While many startups are pivoting to AI and adapting it into their business models, AI is capital intensive. Companies need to train and add data to the large language models that drive generative AI, which takes time and money. Still, we expect to see more companies integrate AI into their value propositions in the months ahead. Those that can demonstrate truly disruptive innovation will continue to attract investment.


With only four deals in the top 10, the San Francisco Bay Area’s usual lead was reduced significantly. This quarter, the Bay Area only accounted for 31% of all dollars invested in the US vs. 40% on average. This quarter, New York City was second with 17% of capital invested, followed by Boston.

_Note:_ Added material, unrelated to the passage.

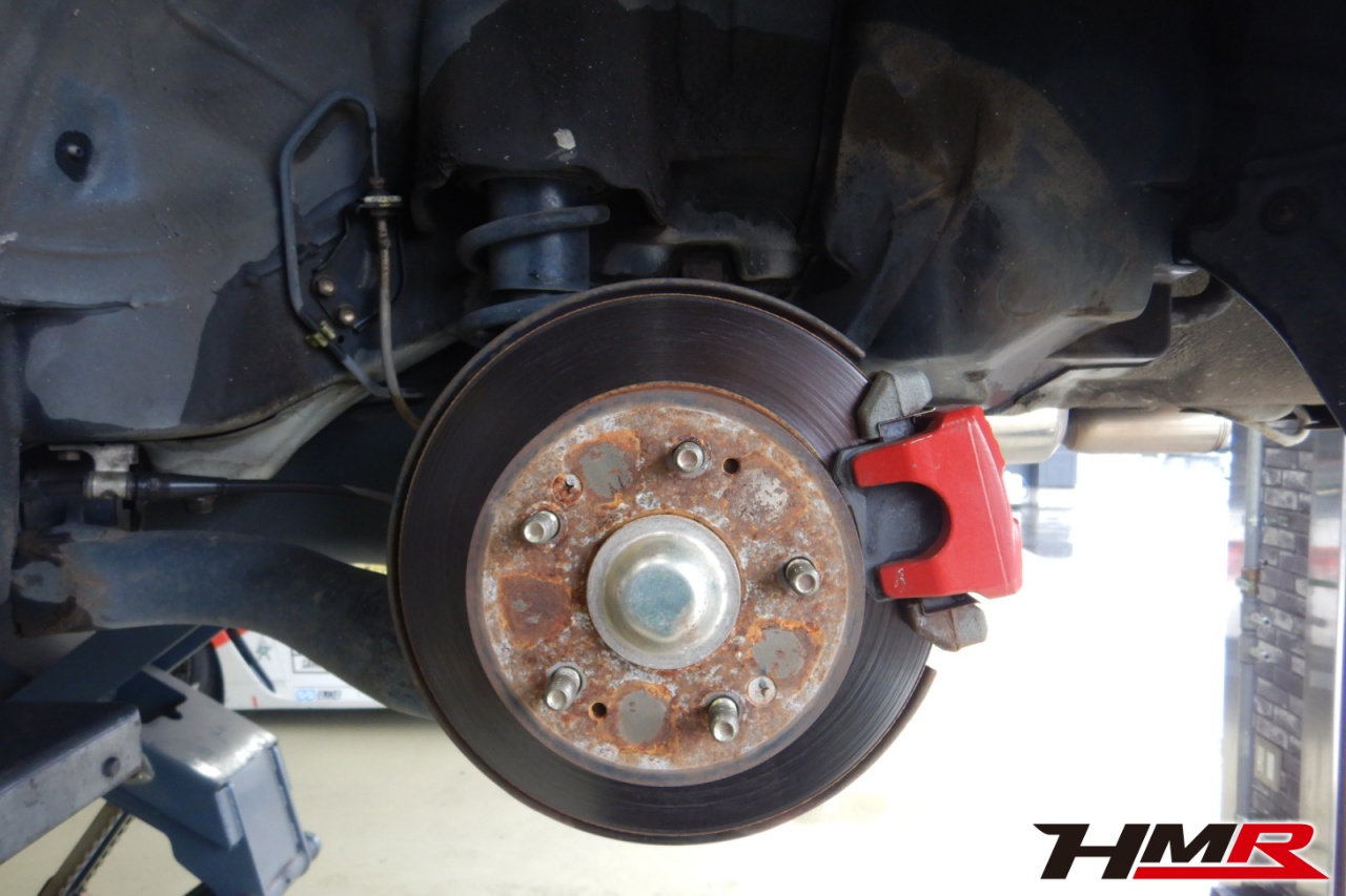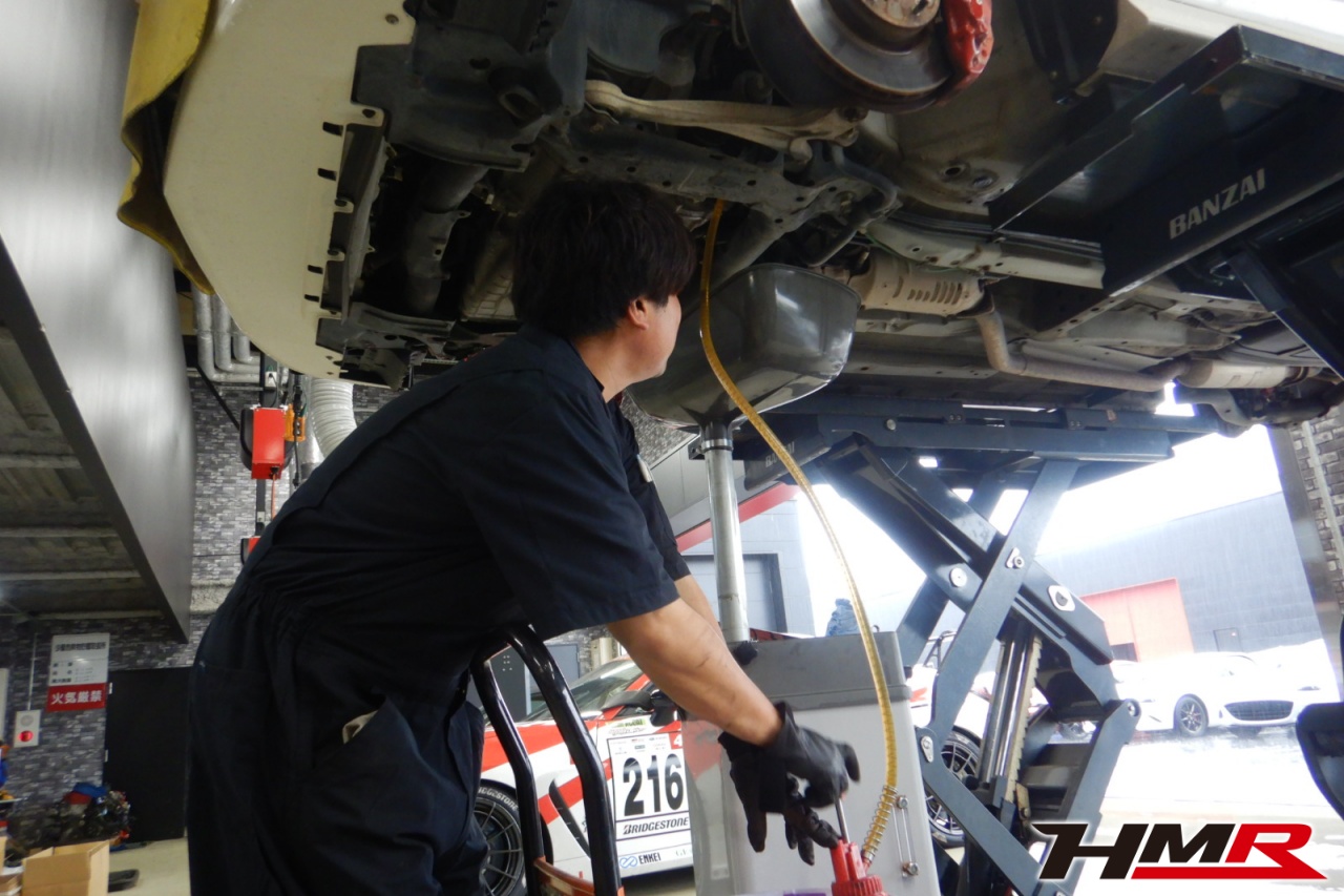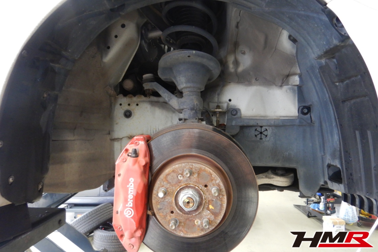ハブベアリング・ボールジョイント、アーム・リンク類のガタ、ブッシュ・ブーツ類の劣化、エンジン・ミッション・デフからのオイル漏れと各マウント類、タイヤ溝の残量、空気圧の点検しました。特に問題ありませんでした。

These top three regions are much more closely clustered than usual. 

Activity was muted in other regions, with Washington, DC moving ahead of Los Angeles to finish fourth in terms of dollars raised. Washington, DC had three mega deals, led by a $260 million healthcare deal, while Los Angeles had just two mega deals for a total of $270 million. In addition, the entrepreneurial ecosystem in Austin continues to perform at a brisk pace. The region finished sixth in overall dollar volume, driven in large part by FinTech activity. 

The overall market outlook for Q2 2023 and advice for entrepreneurs

The market may be settling into its new normal. A reset will favor companies with certain characteristics:

  1. Be aware of your cash reserves and burn rates. Investors favor companies that manage capital carefully.
  2. While you need to manage cash, you can’t cut costs to achieve long-term value and sustainability. Maintain proper levels of investment for key initiatives that set the company up for the next level of funding.
  3. Plan ahead and be aggressive in scheduling meetings with potential investors. Raising capital is a sales exercise. Focus on investors who believe in your value proposition. Founders should build a long-term relationship with investors, well in advance of needing capital.

While the market may be approaching a new equilibrium, roughly half of the US VC-backed companies in existence still need to raise capital in the coming quarters. This will test the founders’ abilities to navigate the complexities of today’s fundraising climate.

However, this remains a good time to build a company. Founders who are capable of tightening their belts and pivoting to take advantage of new opportunities, such as those presented by generative AI, will find ways to succeed in this market. 


VC investment declined by 34% quarter over quarter. While headwinds continue to dampen the outlook, the market may be finally nearing a new normal, though a rapid turnaround is not expected this year. In the near term, founders need to continue to fine-tune their value proposition and focus on conserving cash. Despite these difficulties, this remains a good time to start a company.